The expected value, often referred to as the mean, is a central cornerstone in probability distributions. It essentially represents the average outcome you would expect if you repeated a random experiment an infinite number of times. For any given variable, the expected value is calculated by multiplying each possible outcome by its probability and then summing up all these products. In mathematical terms, for a discrete random variable \(X\), the expected value \(E(X)\) can be expressed as: \[ E(X) = \sum{x_i \cdot p(x_i)} \]where \(x_i\) represents each outcome and \(p(x_i)\) is the probability of \(x_i\).
In the context of our dice problem, for the red die, the expected value calculates to 3.5, meaning that, over many rolls, the average outcome on the die will hover around 3.5.

• Expected value helps determine "central" tendencies
• It offers a statistical long-term average

Variance

Variance is a measure that quantifies the amount by which values in a probability distribution can deviate or spread out from the mean. In practical terms, it gives insight into the variability or the spread of outcomes. Variance is particularly useful because it provides a square sum of these deviations, which can be positive or negative.
The formula for variance \(Var(X)\) of a discrete random variable \(X\) is: \[ Var(X) = \sum{(x_i - E(X))^2 \cdot p(x_i)} \]Here, \(x_i\) is each outcome, \(E(X)\) is the expected value found previously, and \(p(x_i)\) is the probability.
In our exercise, the variance for both dice, red and blue, is computed to be 2.92. This value tells us about the spread of the dice results around the mean of 3.5.

• High variance indicates a larger spread of values
• Low variance suggests data values are close to the mean

Standard Deviation

The standard deviation is simply the square root of the variance and gives a sense of how much, on average, each outcome deviates from the mean in the units of the variable itself.
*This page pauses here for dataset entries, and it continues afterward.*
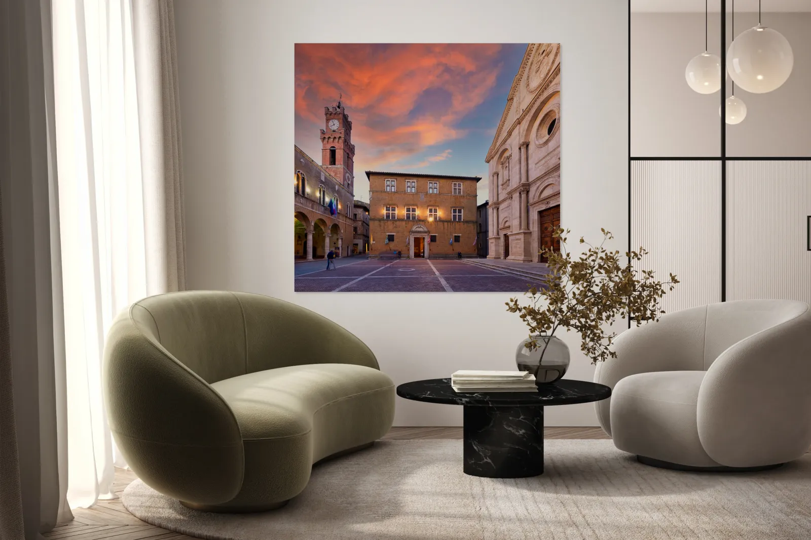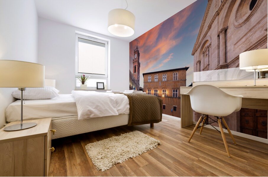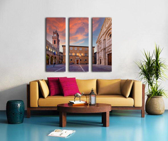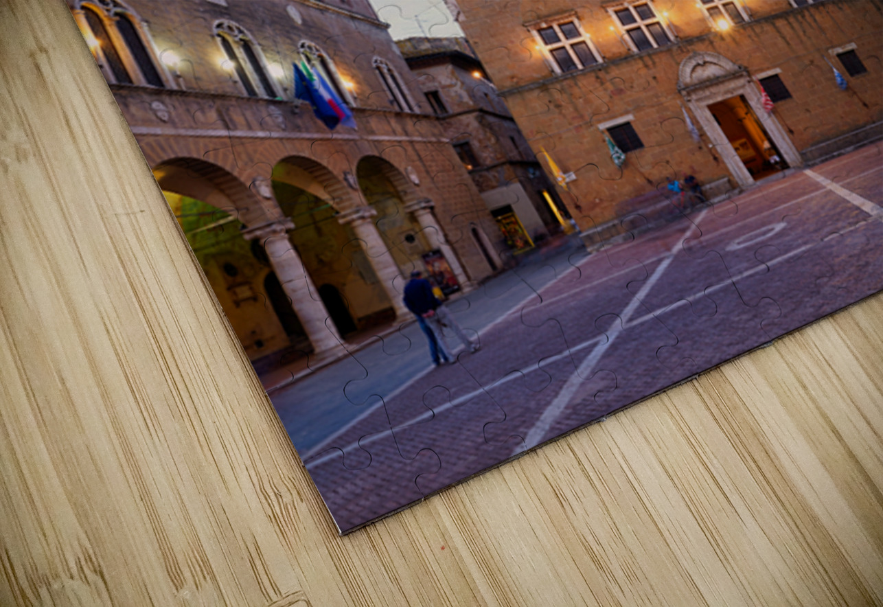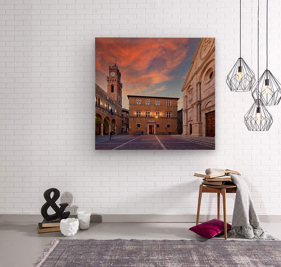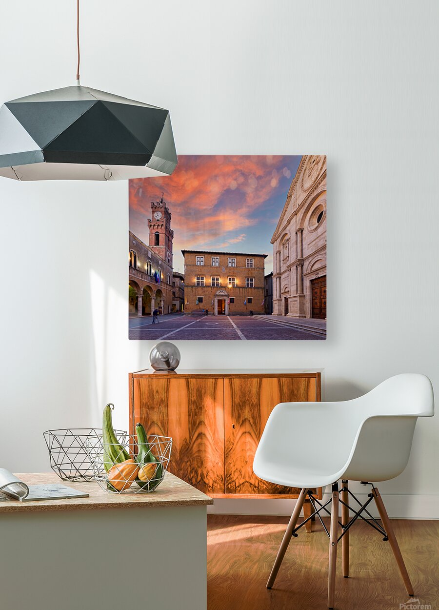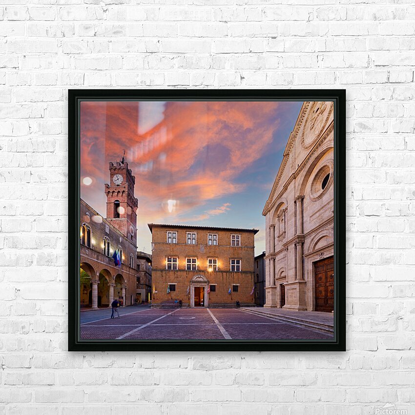 Tourists explore Piazza Pio II in Pienza as the sun sets behind the town hall and the sky changes colors.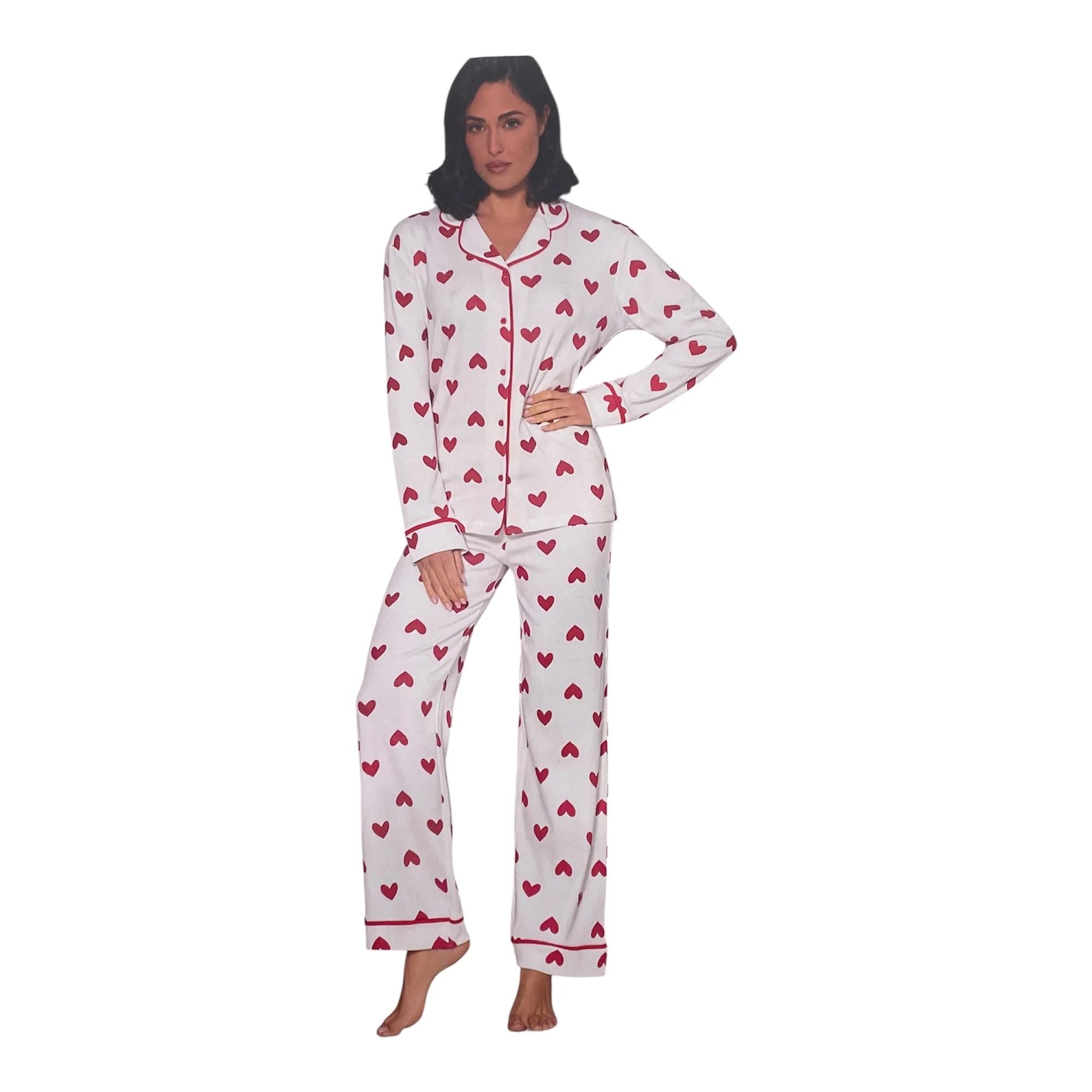 Pigiama Donna Lungo in Caldo Cotone Apertura Davanti Senza Polsino Love and Bra Art.94298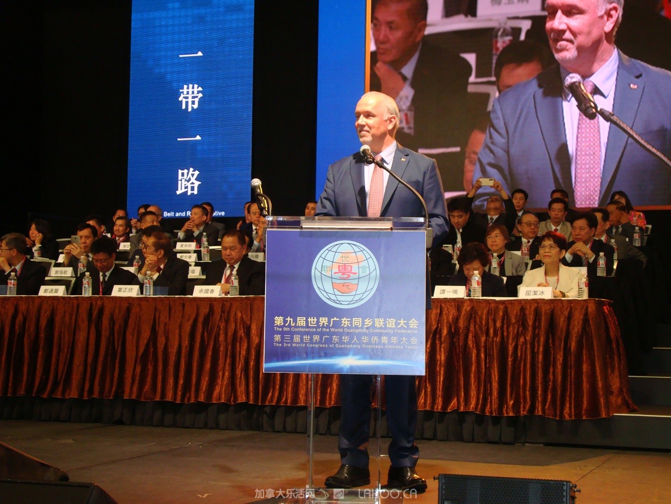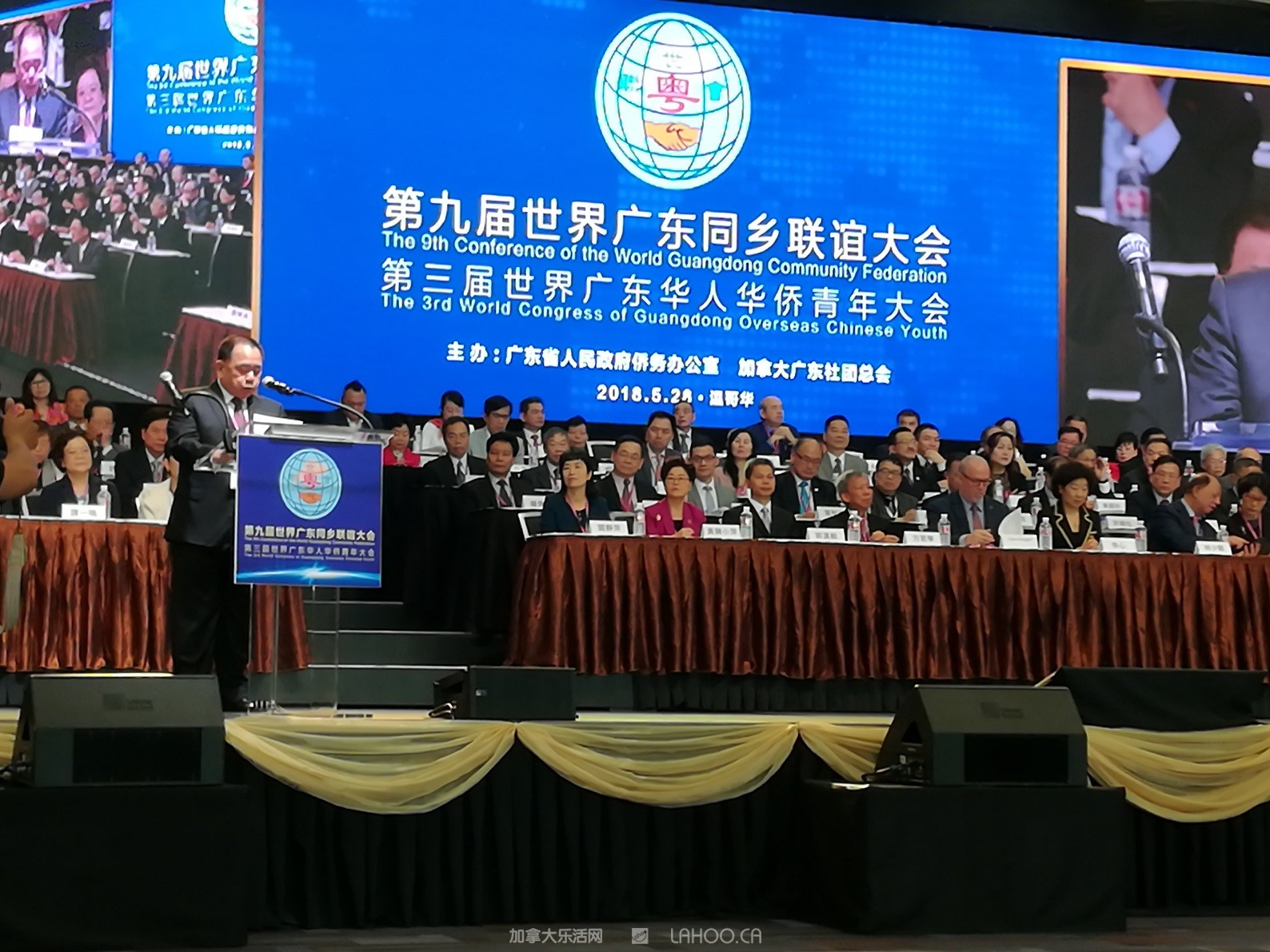 加拿大BC省省长贺瑾(John Horgan)、中国驻温哥华总领事佟晓玲、副总领事王承军,加拿大国会议员黄陈小萍和关慧贞、卑诗省省议员屈洁冰和叶志明、列治文市长马保定、列治文市议员区泽光、温哥华市议员雷建华,第九届世界广东同乡联谊大会共同主席林少毅、方君学、朱展伦等侨领和本地华侨华人社团代表出席大会。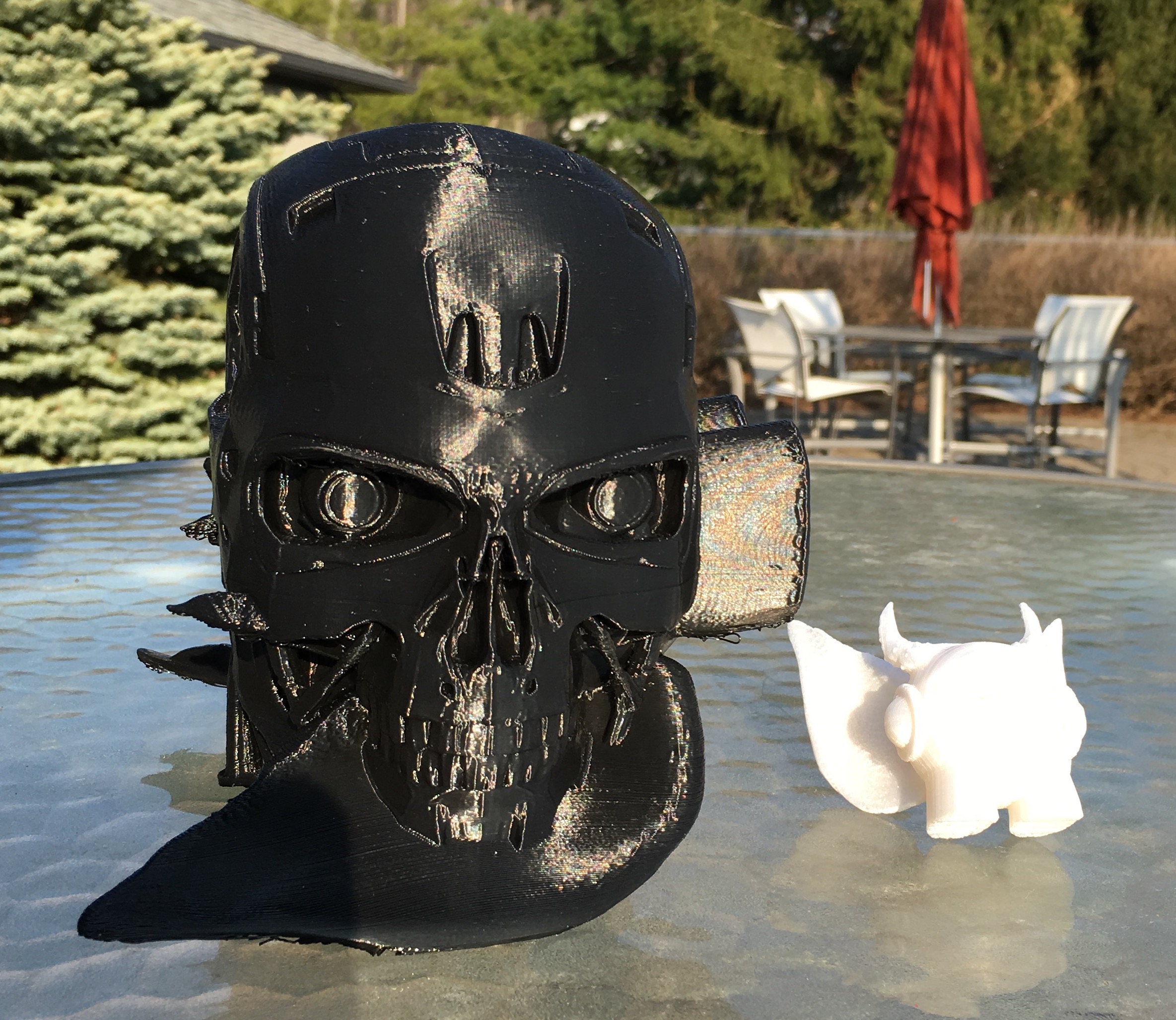 The two objects were the terminator 800 head and a winged round guy with feet. I printed the terminator head first, then went for the winged round guy. Got both merged into one.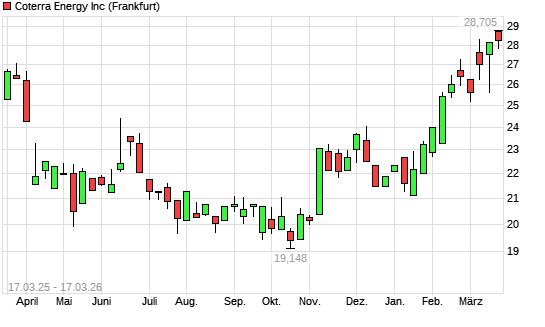 Mit dem Anstieg auf 28,24 EUR hat die Cabot Oil & Gas-Aktie (ISIN US1270971039) am 16.03.2026 ein neues 12-Monats-Hoch erreicht und damit den Kurs vom 13.03.2026 eingestellt.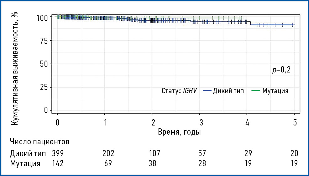 На этапе промежуточного анализа не обнаружено статистически значимых различий в 5-летней ВБП у пациентов с мутацией IGHV, получавших терапию 1-й линии (76,75%), в сравнении с диким типом (89,62%); p = 0,6.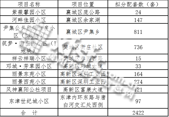 2017年11月底,市房管局全面啟動(dòng)第二批公租房分配工作,拿出2422套公租房,面向社會(huì)公開分配。這些公租房遍及全市,方便不同地區(qū)的住房困難家庭申請(qǐng)居住,其中“紫薇馨園”小區(qū)24套、“河畔佳園”小區(qū)147套、尹集公共租賃住房項(xiàng)目(B地塊)811套、“筑夢(mèng)·衡莊園”小區(qū)(I地塊)736套、“祥云祥瑞”小區(qū)15套、“鄧城·芳草園”小區(qū)33套、“麗景東苑”164套、“麗景西苑”274套、“風(fēng)神襄陽(yáng)公社”小區(qū)121套、“東津世紀(jì)城”公共租賃住房小區(qū)97套。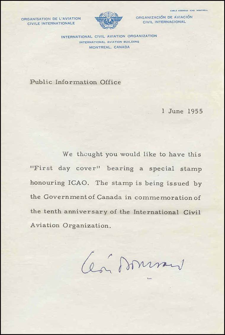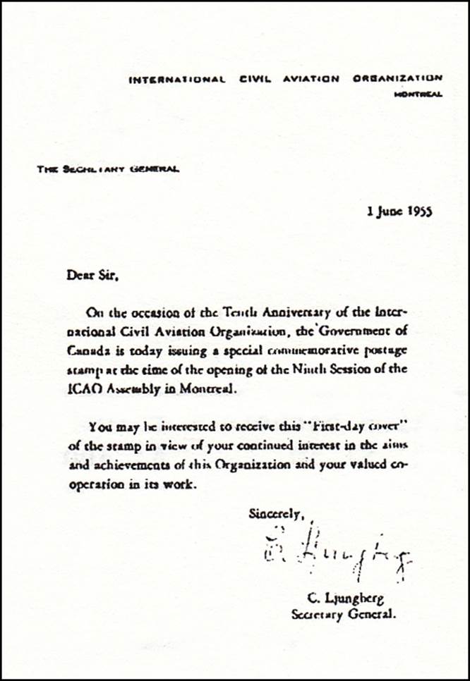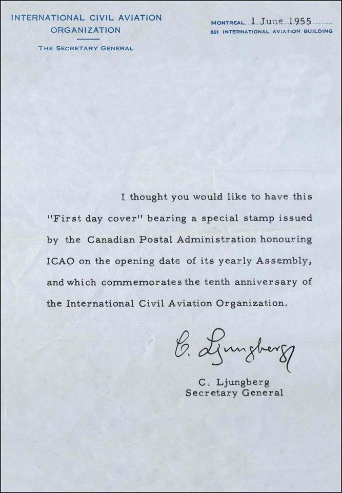 The then-ICAO Secretary General, Carl Ljungberg, individually signed the printed note sent along with this FDC. There were at least two official distribution lists, with different printed letters made for each.

It is one of the most commonly used metrics in statistics because it provides an easily interpretable measure of variability.
For a random variable \(X\), if the variance is \(Var(X)\), then the standard deviation \(SD(X)\) is given by:\[ SD(X) = \sqrt{Var(X)} \]In our dice game, the standard deviation for each die ends up being approximately 1.71, telling us that most outcomes will deviate from the expected value by about 1.71 on average.

• Standard deviation offers insights into data dispersion
• A smaller standard deviation indicates less variability

Independent Events

Independent events in probability refer to scenarios where the occurrence of one event does not affect the probability of another event. In terms of our exercise, the rolls of the red die and the blue die are independent. This independence allows us to use properties for calculating combined variances and other statistical measures for composite games.
When events are independent, we can combine their probability measures as follows:

• The total probability of both events occurring is the product of their individual probabilities.
• The variance of a sum or difference of independent random variables can simply be the sum of their respective variances.

This characteristic of independence is crucial in determining the variance and standard deviation of outcomes like \(w_1 = x_R + x_B - 7\) and \(w_2 = 3(x_R - x_B)\) in our games. In both cases, since the red and blue die rolls are independent, we are free to use straightforward arithmetic with their variances, which simplifies our calculations immensely.